### What to work on
Skip the pictures. Return exactly the lines from the one containing "Πρόστιμο 2,95 δισ." through the end of the entries below.

### Material for this task
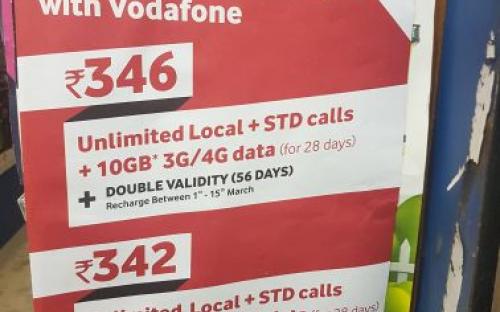 To counter Jio, vodafone has posted ads for unlimited calls with 1 GB data per day for 1 year with 342 recharge of 56 day validity. There is also another recharge of 346 with 10GB data per month and unlimited calls. Pic from a shop wall in Marathahalli taken on 11/3/2017 attached. It also says that it has to be done before 15th March.
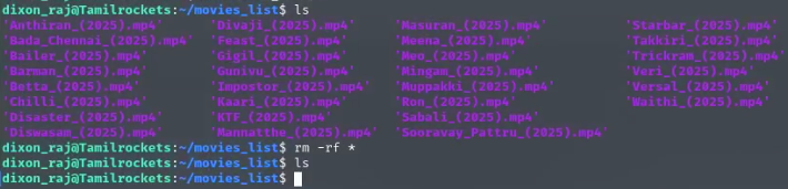 We can switch to the dixon_raj user using the su command. Then, we can navigate to the movies_list folder and delete all its contents.
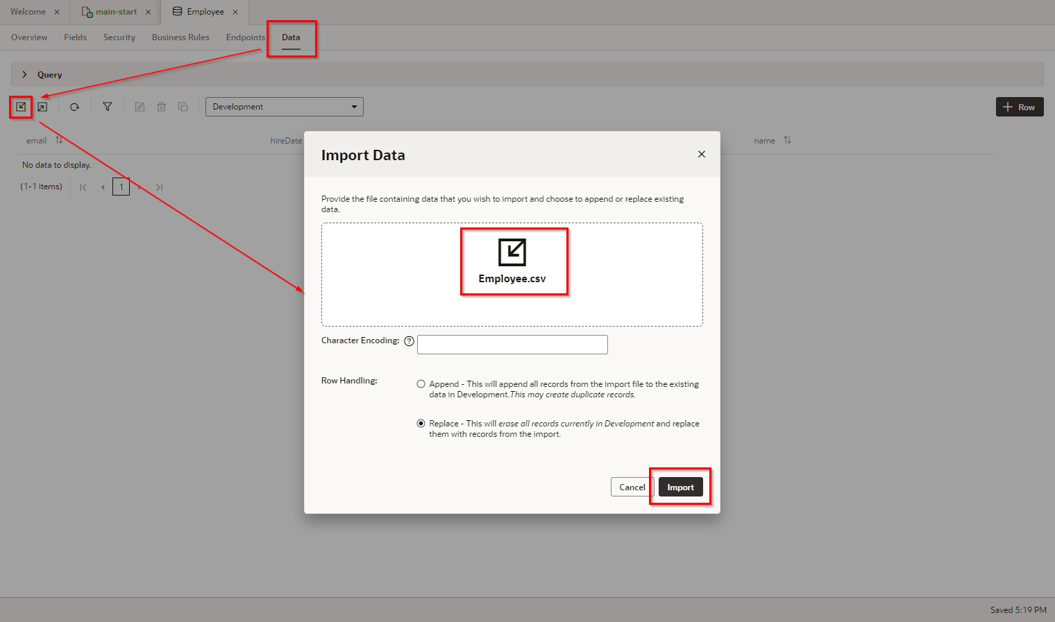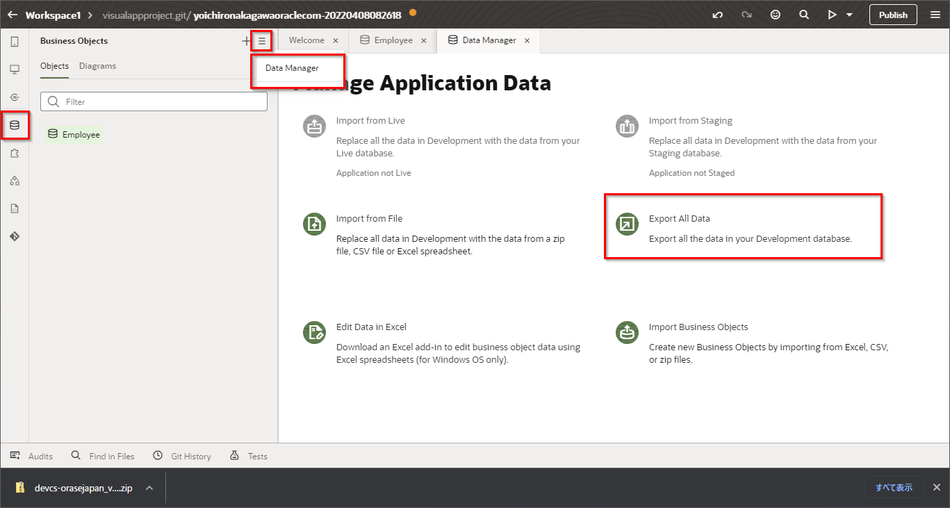 VBCSの画面からビジネス・オブジェクトを開き、メニュー-Data Managerから"Export All Data"をクリックし、全データをダウンロードします。
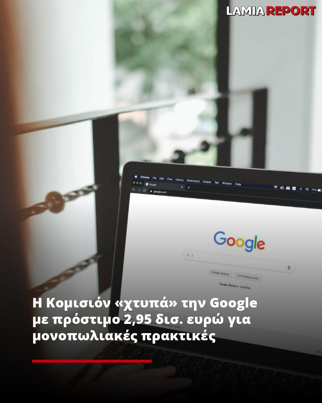 Πρόστιμο 2,95 δισ. ευρώ επέβαλε σήμερα (5.9.25) η Κομισιόν στην Google για κατάχρηση δεσπόζουσας θέσης στην αγορά διαφημιστικής τεχνολογίας. Η εταιρεία κατηγορείται ότι ευνοούσε τις δικές της διαφημιστικές υπηρεσίες εις βάρος των ανταγωνιστών, παραβιάζοντας τους κανόνες ανταγωνισμού της ΕΕ.
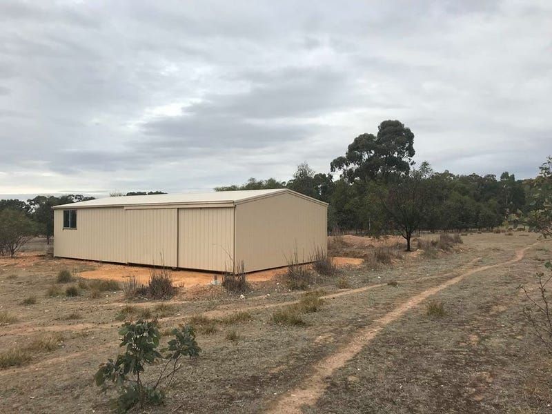Light industrial block with new colour bond shed 20 x 40. This piece of land is 2.595 hectares in size and is approximately 100 metres in width by 250 metres deep. It has a large dam at the front of the block.

### Exercise solution
 Πρόστιμο 2,95 δισ. ευρώ επέβαλε σήμερα (5.9.25) η Κομισιόν στην Google για κατάχρηση δεσπόζουσας θέσης στην αγορά διαφημιστικής τεχνολογίας. Η εταιρεία κατηγορείται ότι ευνοούσε τις δικές της διαφημιστικές υπηρεσίες εις βάρος των ανταγωνιστών, παραβιάζοντας τους κανόνες ανταγωνισμού της ΕΕ.
Light industrial block with new colour bond shed 20 x 40. This piece of land is 2.595 hectares in size and is approximately 100 metres in width by 250 metres deep. It has a large dam at the front of the block.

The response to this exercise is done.